A barrier for all of this is establishing identity and data sharing standards. Organizations like the Decentralized Identity Foundation (DIF) are currently working to address these. Once these standards along with common ZK standards are established and accepted, we’ll begin to see a merger of data wallet functionality and greater adoption.
When the Internet was first developed in the late 60’s early 70’s it wasn’t until standards like TCP/IP were developed in the 80’s and more user-friendly tools like the web-browser was created in the 90’s. Since the blockchain has been gaining ground over the last decade, the big question has been, what will be the internet browser of the blockchain? It’s this author’s guess that buoyed by decentralized identity verification standards and zero-knowledge data sharing capabilities, it will likely be the personal data wallet.
Img source: OneMe.io
Data wallets will provide a decentralized approach to enabling us to pay our bills, pay each other, apply for jobs, share data with our healthcare provider, form and manage business agreements, interact with friends and family. We will even have the ability to earn rewards for allowing services to use our data with or without anonymity. All of this in a safe, privacy compliant, zero-knowledge oriented way.

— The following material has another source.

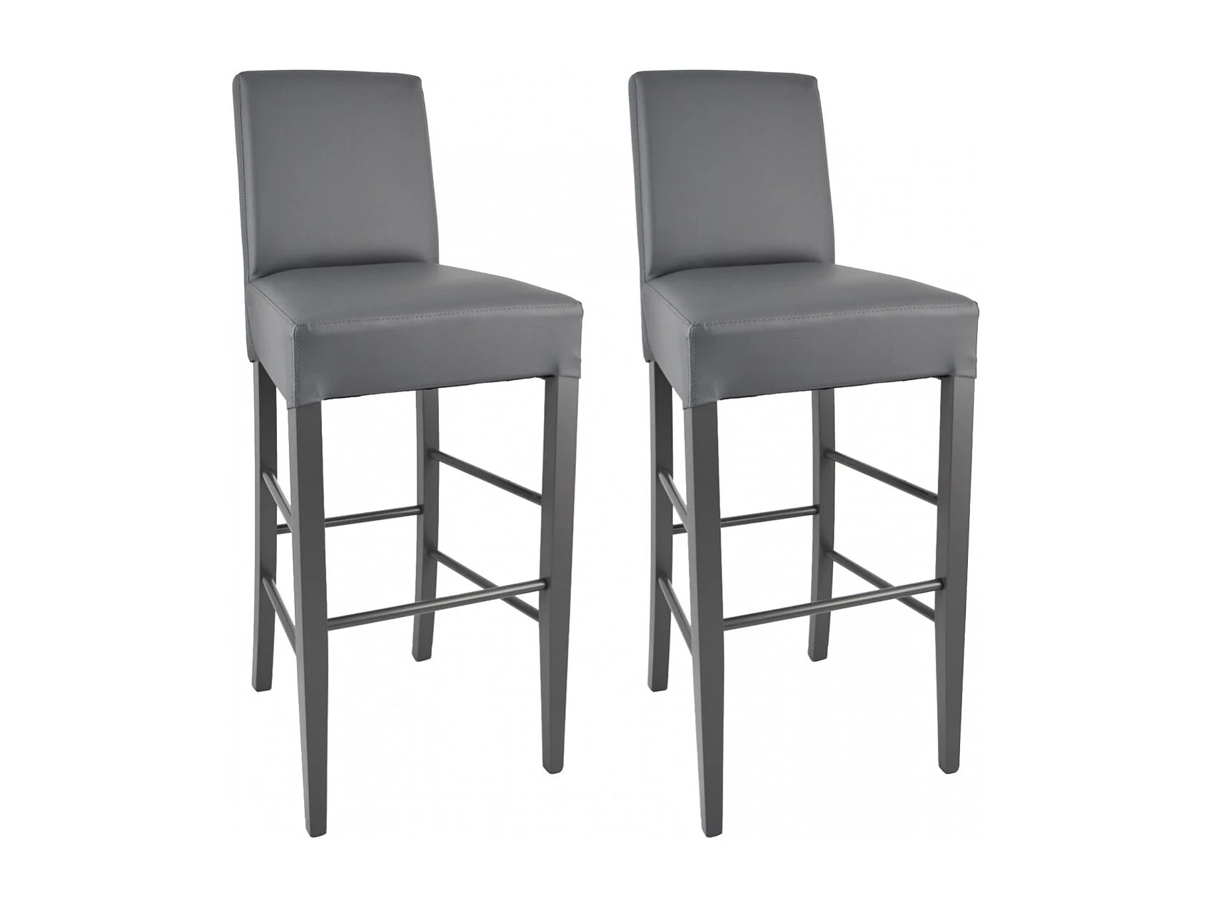 TONY - Lot de 2 Tabourets Laqués Gris et Assise Simili Cuir Gris

Inside the next decade, we should expect to see the tipping point of ZK technology maturity and the acceptance by businesses of individual sovereignty over their personal data and identities. What follows will be a terrific battle among several players to dominate the data wallet market.
Img src: wakeup-world.com
New data privacy regulations like the EU’s GDPR and California’s Consumer Privacy Protection Act will help move the needle in the adoption of more transparent and consent-based exchanges of personal data, but businesses will need to recognize the benefits of shifting ownership of data and identity back in the hands of the individual. Without this shift, large product and service organizations will continue to see their centralized stores of personal data pilfered and public outrage over personal data privacy violation will grow. Zero-knowledge technologies that leverage mathematics to enable businesses to use personal data for verifying identity, engaging in contracts, and conducting commerce without the need to reveal or even store the data itself are evolving to address these issues. Once users are given back more control and greater privacy of their data, the synergy of zero-knowledge technologies, the blockchain, and personal data wallets will make a dramatic impact on the way we interact with each other, leverage online services, and conduct everyday business, catapulting the blockchain into a mainstream technology in the same way we think of the Internet today.